When our ancestors looked into the skies, one thing that they noticed was that most bright objects in the sky travel in fixed positions with relation to each other, while a few bright objects did not seem to follow this pattern. The ancients took the "fixed objects" and grouped them into constellations, whose movements were so regular and reliable that these groupings helped them find their way on the ocean, on land, and even helped them predict annual events like floods and harvests.
If you were to look at the sky night after night, you would notice the same thing. Stars will appear in fixed positions; think about how constellations retain their familiar shapes but still move across our sky.
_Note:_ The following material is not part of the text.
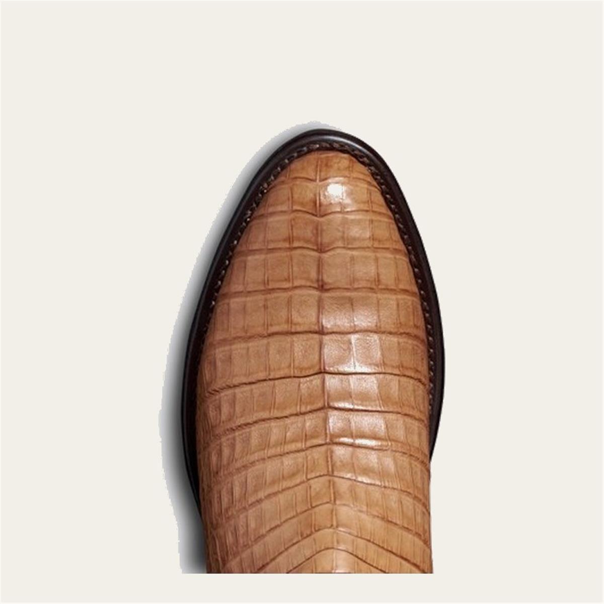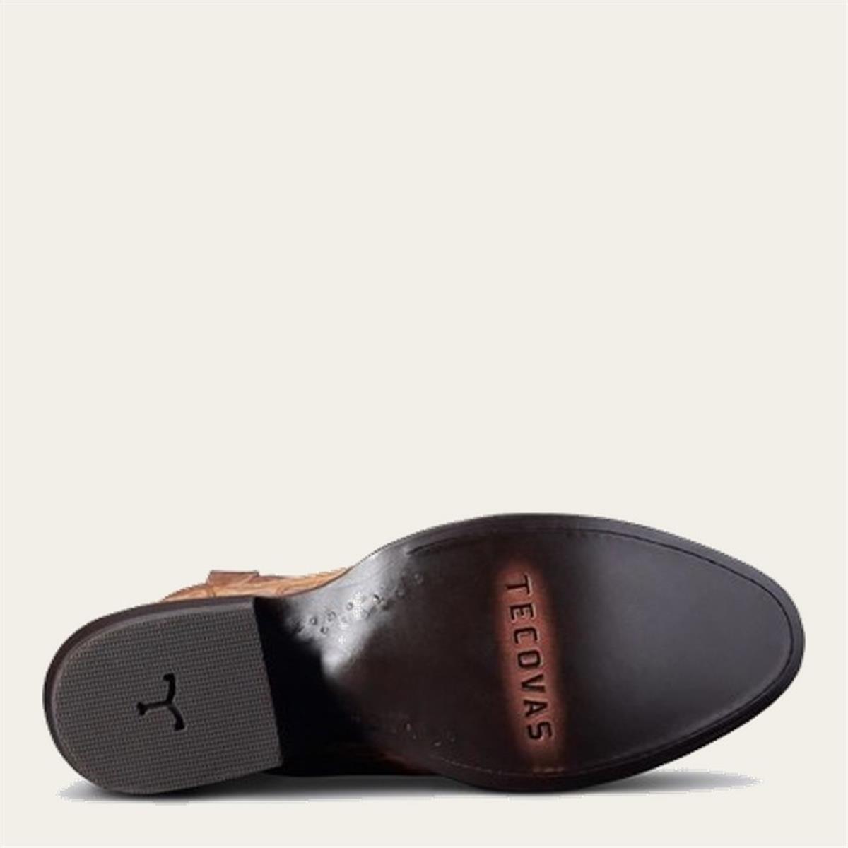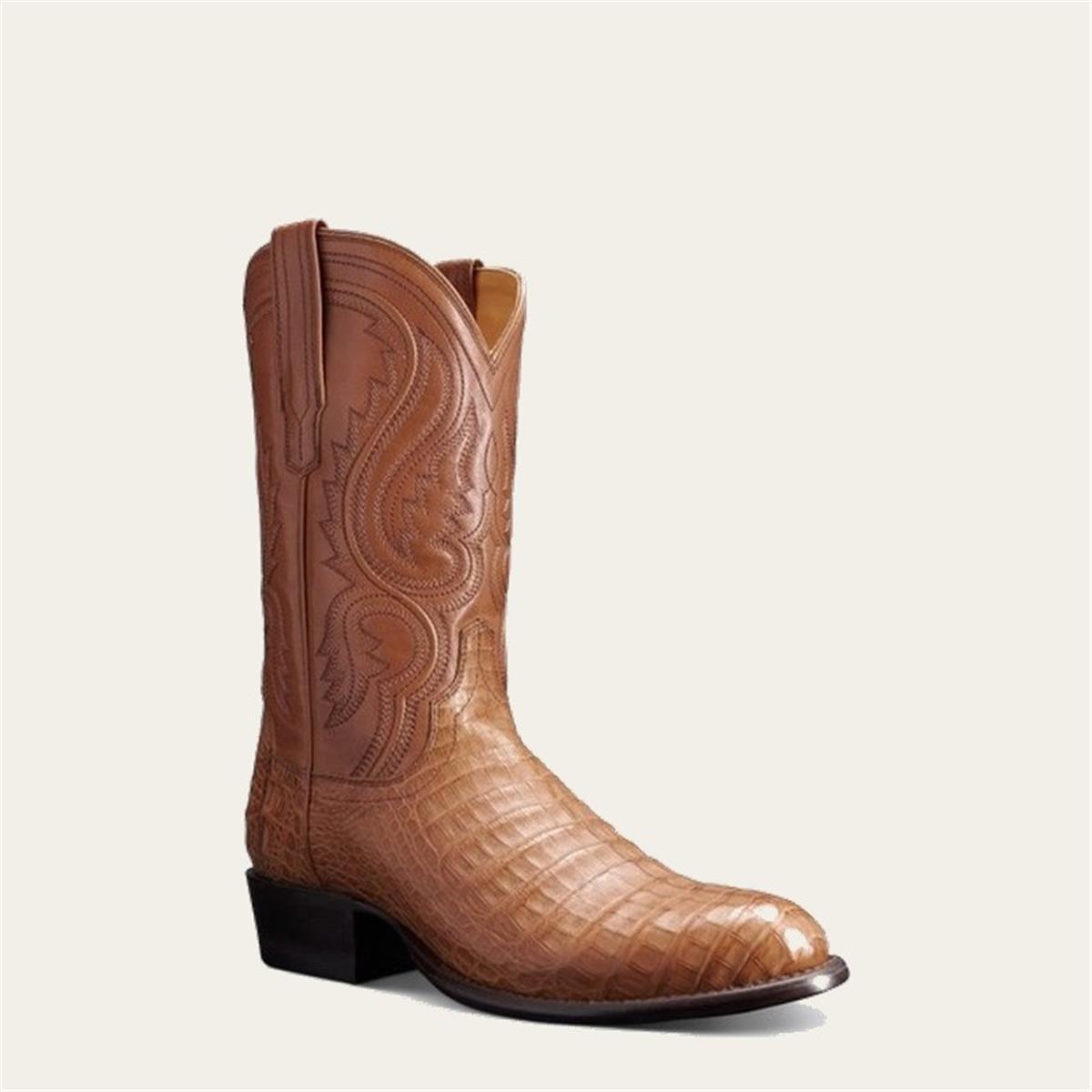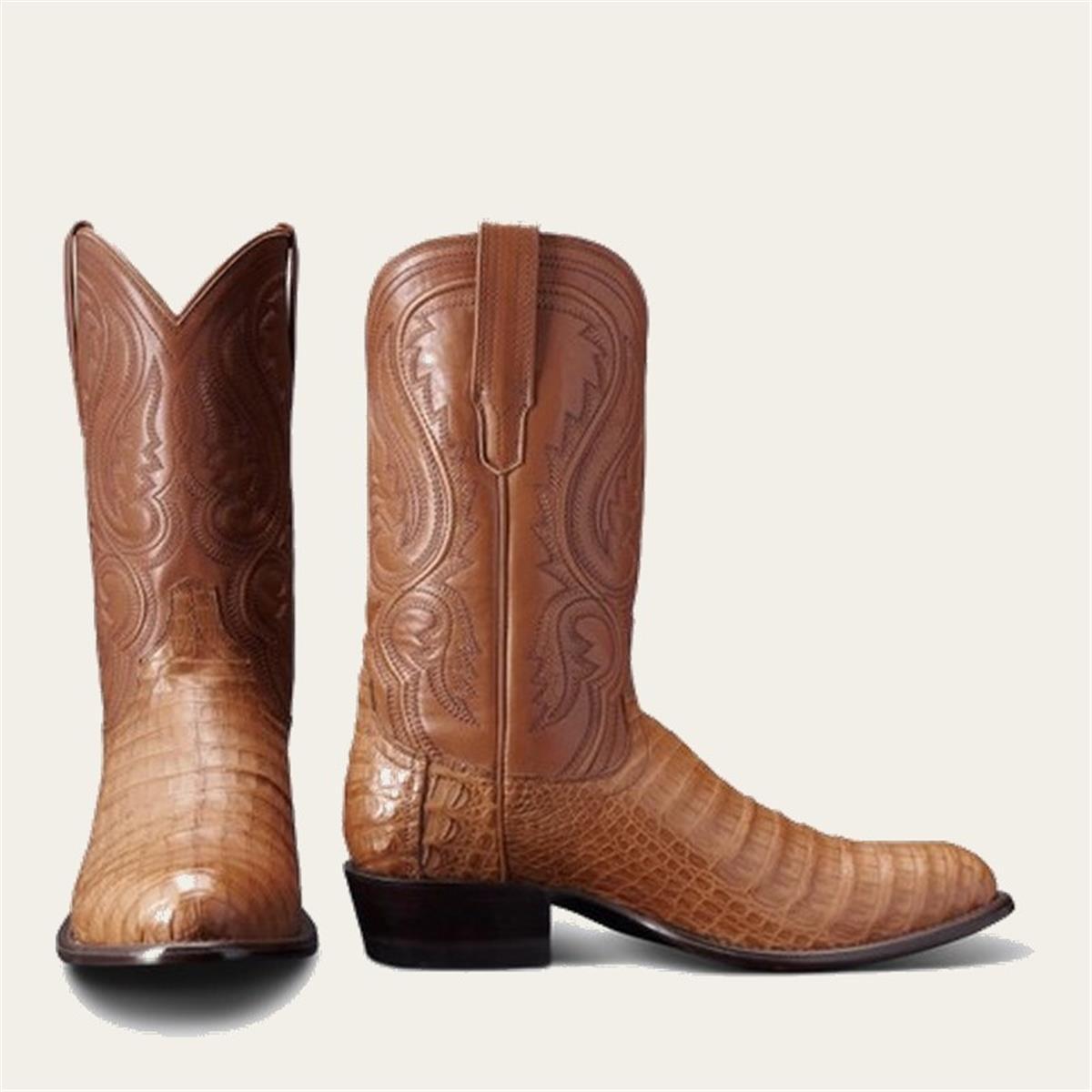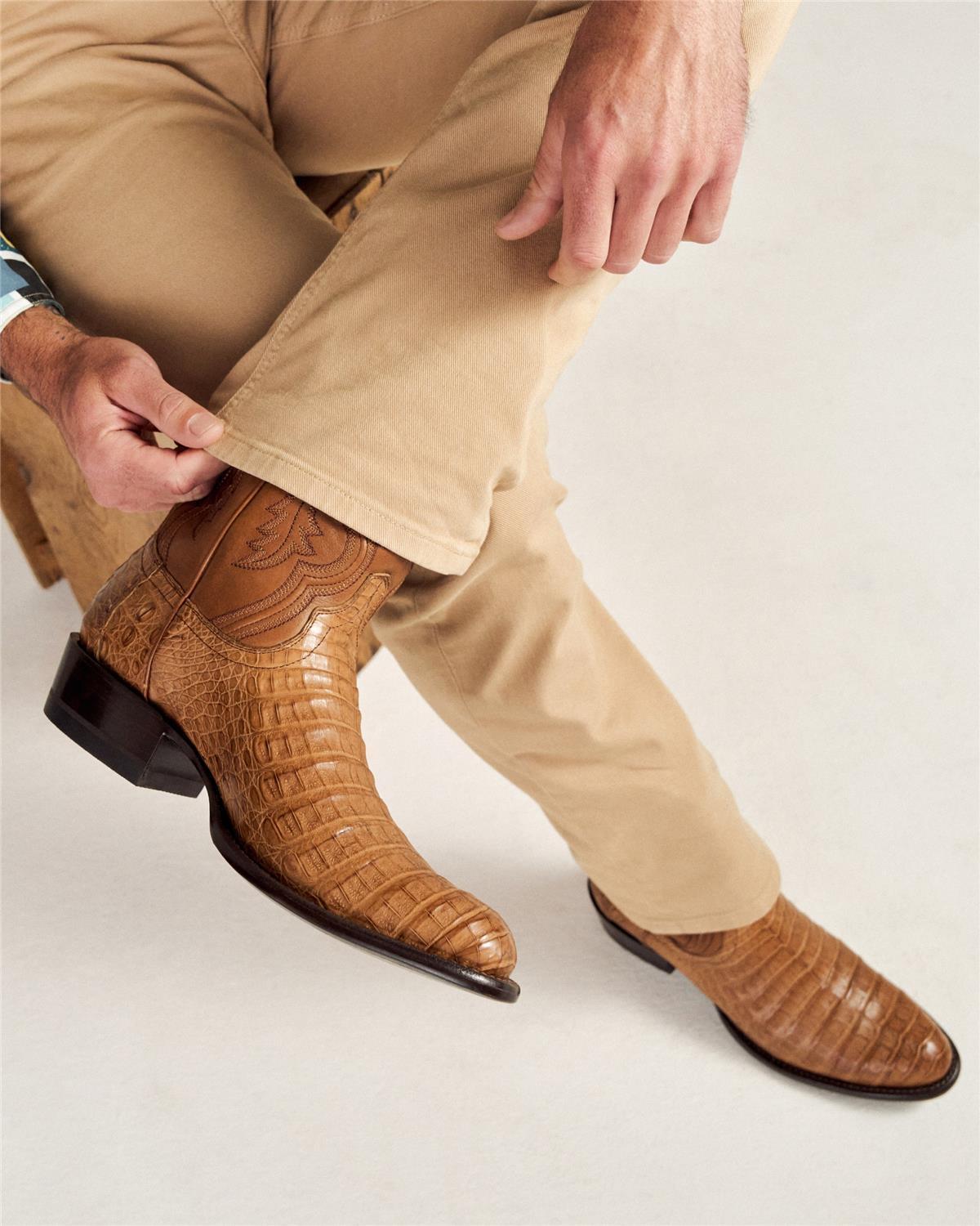 The Dillon is a striking exotic cowboy boot that has been updated with even more premium construction methods. Designed with exotic caiman belly hand-lasted in a timeless cowboy profile, stacked leather pitched heel with dual-layer rubber tap, and signature Tecovas hand-corded cowhide shaft to complete the elegant exotic profile. The Dillon features a hung leather lining, tri-layer leather insole with foam cushion cover, embedded steel shank, leather outsole, and Goodyear welt construction. Handcrafted in León, Mexico.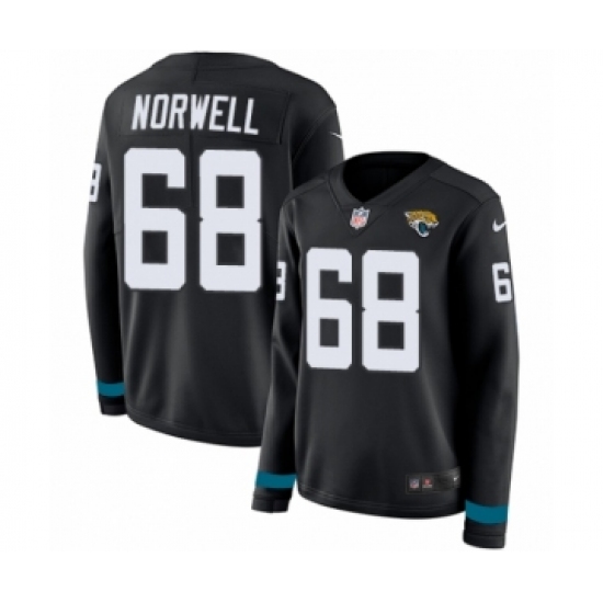 >Women's Nike Jacksonville Jaguars #68 Andrew Norwell Limited Black Therma Long Sleeve NFL Jersey

Planets, on the other hand, move in much more complex paths with respect to stars. Sometimes they even appear to move backwards in our sky, in an event known as retrograde. So, it'll take a little practice -- and some patience -- but if you can track the movement of objects in the sky for several nights in a row, you will be able to tell which are stars and planets by the movements that they make relative to each other in the sky.
Another way of telling planets apart from stars is that stars appear to twinkle in the sky, and planets generally do not. And so your homework assignment for tonight is to spot the planets Venus and Jupiter and the star Spica up in the west-southwestern sky, and see if you can tell them apart just by seeing which one twinkles.
I know, I know...Venus is way easy to recognize using the chart vs. Spica, but the idea is to see what "twinkling" looks like vs. "not twinkling" so you can apply it to less obvious situations. Like perhaps the one going on in the predawn east-southeastern horizon.
See if you can tell the difference between the planet Saturn and the star Procyon, who have much more similar magnitudes than Venus and Spica. By the way, you can also find the planet Mars high up in the eas-southeast before dawn.